Unfortunately, XML exists. For whatever reason, somebody once thought it was a good idea and now we’re stuck with it. Since most modern applications and APIs use JSON instead, it’s often necessary to convert XML into JSON. Here is a PHP function to do that very thing.

function xmlToArray($xml, $options = array()) {
	$defaults = array(
		'namespaceSeparator' => ':',//you may want this to be something other than a colon
		'attributePrefix' => '@',   //to distinguish between attributes and nodes with the same name
		'alwaysArray' => array(),   //array of xml tag names which should always become arrays
		'autoArray' => true,        //only create arrays for tags which appear more than once
		'textContent' => '$',       //key used for the text content of elements
		'autoText' => true,         //skip textContent key if node has no attributes or child nodes
		'keySearch' => false,       //optional search and replace on tag and attribute names
		'keyReplace' => false       //replace values for above search values (as passed to str_replace())
	);
	$options = array_merge($defaults, $options);
	$namespaces = $xml->getDocNamespaces();
	$namespaces[''] = null; //add base (empty) namespace

	//get attributes from all namespaces
	$attributesArray = array();
	foreach ($namespaces as $prefix => $namespace) {
		foreach ($xml->attributes($namespace) as $attributeName => $attribute) {
			//replace characters in attribute name
			if ($options['keySearch']) $attributeName =
					str_replace($options['keySearch'], $options['keyReplace'], $attributeName);
			$attributeKey = $options['attributePrefix']
					. ($prefix ? $prefix . $options['namespaceSeparator'] : '')
					. $attributeName;
			$attributesArray[$attributeKey] = (string)$attribute;
		}
	}

	//get child nodes from all namespaces
	$tagsArray = array();
	foreach ($namespaces as $prefix => $namespace) {
		foreach ($xml->children($namespace) as $childXml) {
			//recurse into child nodes
			$childArray = xmlToArray($childXml, $options);
			list($childTagName, $childProperties) = each($childArray);

			//replace characters in tag name
			if ($options['keySearch']) $childTagName =
					str_replace($options['keySearch'], $options['keyReplace'], $childTagName);
			//add namespace prefix, if any
			if ($prefix) $childTagName = $prefix . $options['namespaceSeparator'] . $childTagName;

			if (!isset($tagsArray[$childTagName])) {
				//only entry with this key
				//test if tags of this type should always be arrays, no matter the element count
				$tagsArray[$childTagName] =
						in_array($childTagName, $options['alwaysArray']) || !$options['autoArray']
						? array($childProperties) : $childProperties;
			} elseif (
				is_array($tagsArray[$childTagName]) && array_keys($tagsArray[$childTagName])
				=== range(0, count($tagsArray[$childTagName]) - 1)
			) {
				//key already exists and is integer indexed array
				$tagsArray[$childTagName][] = $childProperties;
			} else {
				//key exists so convert to integer indexed array with previous value in position 0
				$tagsArray[$childTagName] = array($tagsArray[$childTagName], $childProperties);
			}
		}
	}

	//get text content of node
	$textContentArray = array();
	$plainText = trim((string)$xml);
	if ($plainText !== '') $textContentArray[$options['textContent']] = $plainText;

	//stick it all together
	$propertiesArray = !$options['autoText'] || $attributesArray || $tagsArray || ($plainText === '')
			? array_merge($attributesArray, $tagsArray, $textContentArray) : $plainText;

	//return node as array
	return array(
		$xml->getName() => $propertiesArray
	);
}

The function takes a SimpleXMLElement object and returns as associative array.

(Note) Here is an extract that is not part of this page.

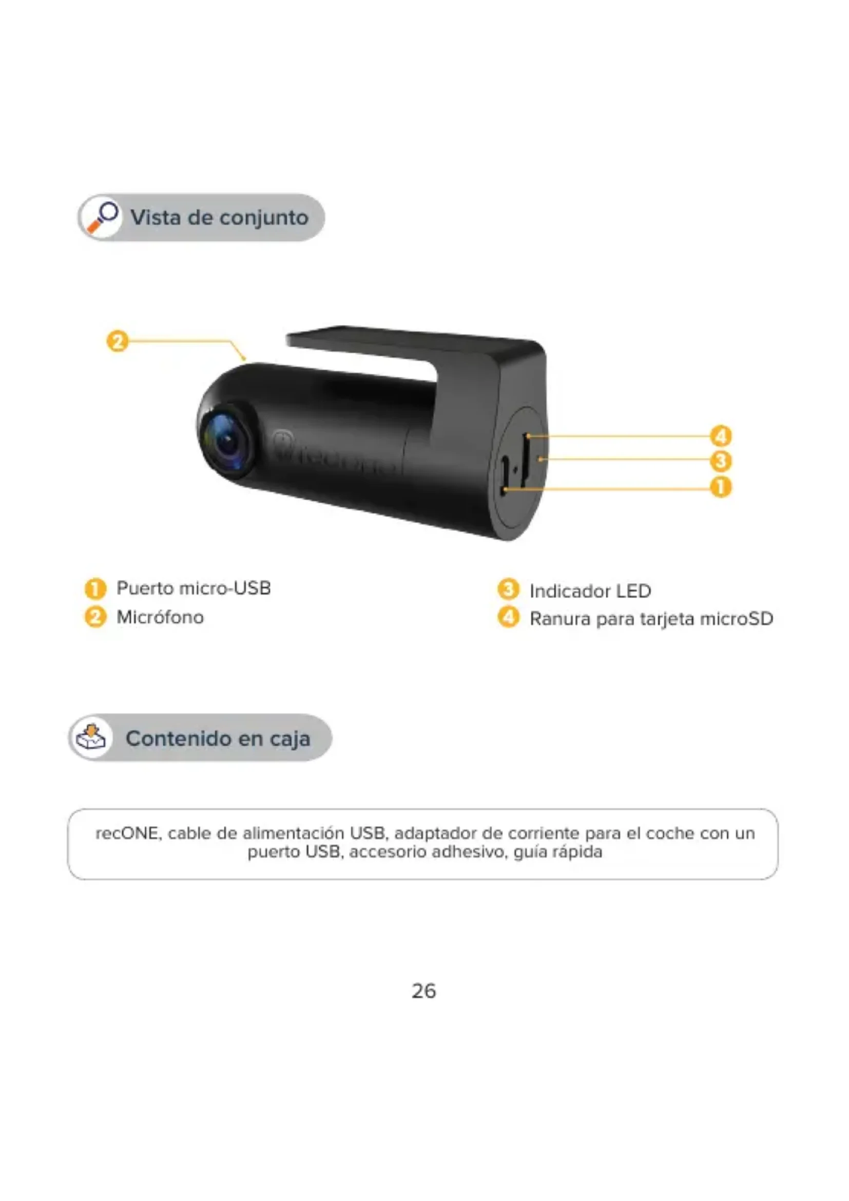 - Para grabar vídeos y tomar fotografías, recONE necesita una tarjeta microSD. (No se incluye la tarjeta microSD.)

Crucially, it handles namespaces which none of the examples I could find online did.

Example

A complete usage example looks like this:

$xmlNode = simplexml_load_file('example.xml');
$arrayData = xmlToArray($xmlNode);
echo json_encode($arrayData);

Given an input XML file such as this:

<?xml version='1.0' ?>
<company>
	<name>Outlandish Ideas</name>
	<link href="http://outlandishideas.co.uk">Website</link>
	<person>Abi</person>
	<person>Harry</person>
	<person>Rasmus</person>
	<person>Tamlyn</person>
	<address street="yes">
		<street>Longford Street</street>
		<city>London</city>
	</address>
</company>

It produces output such as this:

{
    "company": {
        "name": "Outlandish Ideas",
        "link": {
            "@href": "http://outlandishideas.co.uk",
            "$": "Website"
        },
        "person": ["Abi", "Harry", "Rasmus", "Tamlyn"],
        "address": {
            "@street": "yes",
            "street": "Longford Street",
            "city": "London"
        }
    }
}

Notes:

  • Attributes are given a prefix to distinguish them from child nodes e.g. “@street” and “street”
  • If a node has text content as well as child nodes or attributes, that text content is stored in a key e.g. “$”
  • If a node has multiple children with the same tag name, they are converted into a numerically indexed array e.g. “person”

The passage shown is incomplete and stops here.